Do you ever get so busy running your life that your feel like you’re not living your life?
I hope I’m not the only one.
There are days where I get so caught up in the details that I miss the point entirely.
Like when I take time to fix Seth lunch in between loads of laundry, but don’t take 10 minutes to eat with him, and as a result, I wind up with a bowlful of mac ‘n cheese dumped in Erin’s bouncy seat.
Or when I line up a baby sitter and send off registration forms so that Jim and I can attend a conference for my jewelry business, but then have to admit to myself that I haven’t held a successful show in almost a year.
Or when I’m working so hard to fit together the puzzle pieces of our business conference/anniversary celebration trip to Las Vegas in November that I find myself “dreading the ordeal” rather than “anticipating the getaway.
Or even in that I’m
finding obsessing over lots of cute crafts and snacks and paper products for Seth’s monkey-themed 3rd birthday party (yes, the one that is months and months away) that I’m missing out on these fleeting moments of still-sort-of-my-baby two.

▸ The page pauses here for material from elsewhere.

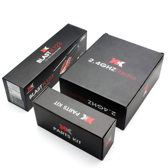 Standing at a height of 77mm and stretching across 238mm, the XK K123 sports a rotor diameter of 244mm and a flying weight of 79.5g. You'll be fascinated by the unique 3-rotor blade flybarless design, unseen in any other market offering. Thanks to its aerodynamic blades, the helicopter supplies both powerful propulsion and impressive self-stability during your flight endeavors.

I don’t want to be that mom. That wife.
I want to be more present, and yet, I find that I’m really struggling with the balancing act that is life. And I know that I’m not alone in that.
What do you do to try to keep a degree of balance in your daily life?
Drink!!! J/K...:) Have girl's night once a month!! Seriously, let go! Remember how we were saying we only cook 2-3 nights a week? Well, there ya' go. I let go of cooking, dishes, laundry and I relax with my family. I let it pile up (even if it is just one day) so I can talk to my son about what we will do in Heaven and I can teach my daughter to walk and I can eat dinner with my husband. You are a fabulous mommy and wife. This is an adjustment period and you are doing wonderfully! Hang in there.
LMBO @ Beth! I was totally going to type "Drink." HA!
Balance is hard, it really is. There is always "something" going on that wasn't anticipated. Something that gets in the way of all the grand plans of the day.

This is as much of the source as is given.